Source data:
=== Begin Enclosure ===

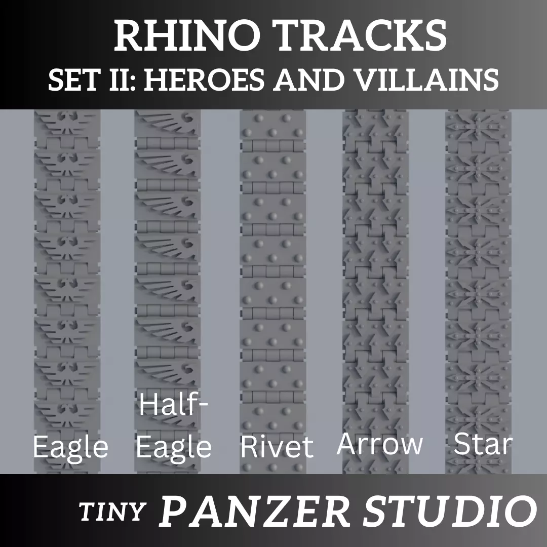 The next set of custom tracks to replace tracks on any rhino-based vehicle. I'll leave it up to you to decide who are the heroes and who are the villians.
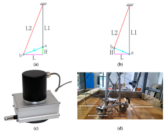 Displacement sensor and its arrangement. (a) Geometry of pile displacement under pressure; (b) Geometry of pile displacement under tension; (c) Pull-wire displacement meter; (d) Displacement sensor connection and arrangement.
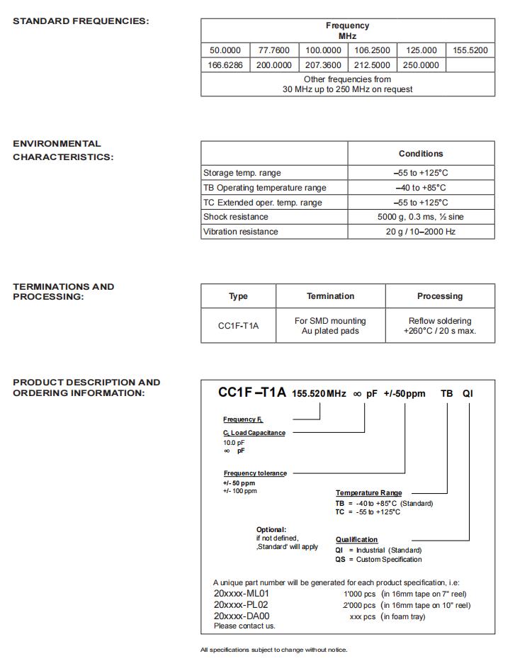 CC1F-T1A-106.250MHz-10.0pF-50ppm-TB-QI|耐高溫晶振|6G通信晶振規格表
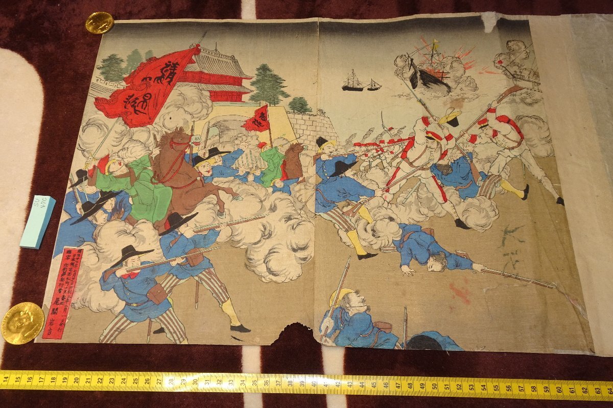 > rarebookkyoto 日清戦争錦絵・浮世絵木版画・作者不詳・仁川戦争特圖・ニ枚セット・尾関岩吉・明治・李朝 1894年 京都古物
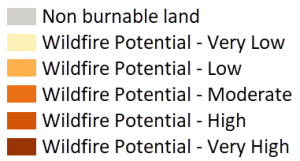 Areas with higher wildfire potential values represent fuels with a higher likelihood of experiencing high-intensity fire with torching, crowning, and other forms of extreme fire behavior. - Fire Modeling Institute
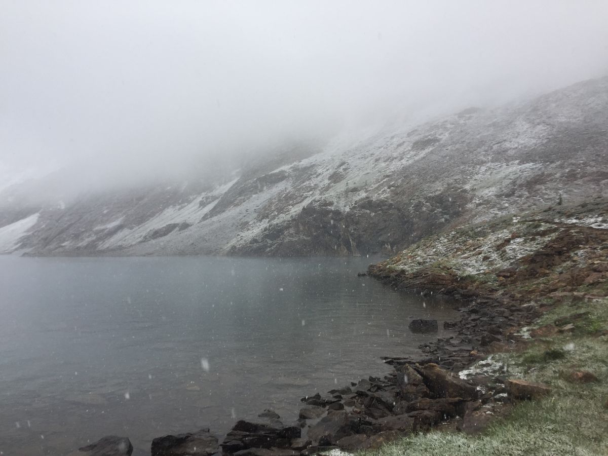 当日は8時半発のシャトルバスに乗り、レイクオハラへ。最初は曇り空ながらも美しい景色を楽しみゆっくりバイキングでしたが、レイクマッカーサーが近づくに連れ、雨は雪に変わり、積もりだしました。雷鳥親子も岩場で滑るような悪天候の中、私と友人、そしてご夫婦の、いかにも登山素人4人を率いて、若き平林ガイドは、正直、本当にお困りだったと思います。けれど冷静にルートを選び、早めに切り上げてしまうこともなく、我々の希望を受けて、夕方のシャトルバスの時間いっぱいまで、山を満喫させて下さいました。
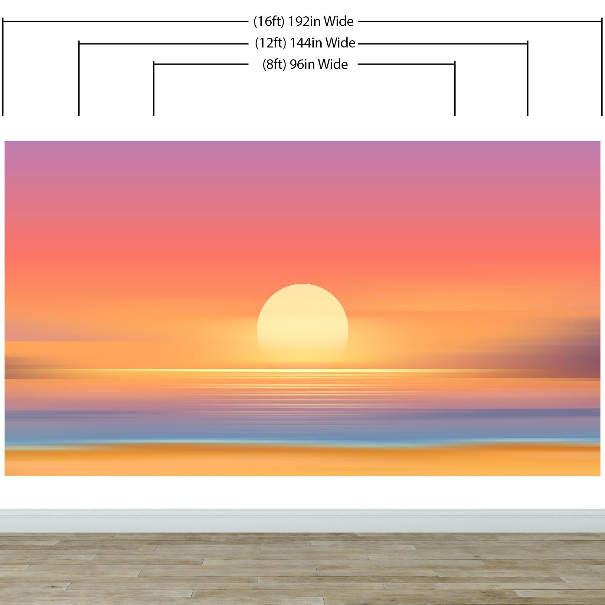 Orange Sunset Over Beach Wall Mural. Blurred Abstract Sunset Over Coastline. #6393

=== End Enclosure ===

### To do
Write out each entry above once more, exactly as written, and drop the pictures.

### Task result
 The next set of custom tracks to replace tracks on any rhino-based vehicle. I'll leave it up to you to decide who are the heroes and who are the villians.
 Displacement sensor and its arrangement. (a) Geometry of pile displacement under pressure; (b) Geometry of pile displacement under tension; (c) Pull-wire displacement meter; (d) Displacement sensor connection and arrangement.
 CC1F-T1A-106.250MHz-10.0pF-50ppm-TB-QI|耐高溫晶振|6G通信晶振規格表
 > rarebookkyoto 日清戦争錦絵・浮世絵木版画・作者不詳・仁川戦争特圖・ニ枚セット・尾関岩吉・明治・李朝 1894年 京都古物
 Areas with higher wildfire potential values represent fuels with a higher likelihood of experiencing high-intensity fire with torching, crowning, and other forms of extreme fire behavior. - Fire Modeling Institute
 当日は8時半発のシャトルバスに乗り、レイクオハラへ。最初は曇り空ながらも美しい景色を楽しみゆっくりバイキングでしたが、レイクマッカーサーが近づくに連れ、雨は雪に変わり、積もりだしました。雷鳥親子も岩場で滑るような悪天候の中、私と友人、そしてご夫婦の、いかにも登山素人4人を率いて、若き平林ガイドは、正直、本当にお困りだったと思います。けれど冷静にルートを選び、早めに切り上げてしまうこともなく、我々の希望を受けて、夕方のシャトルバスの時間いっぱいまで、山を満喫させて下さいました。
 Orange Sunset Over Beach Wall Mural. Blurred Abstract Sunset Over Coastline. #6393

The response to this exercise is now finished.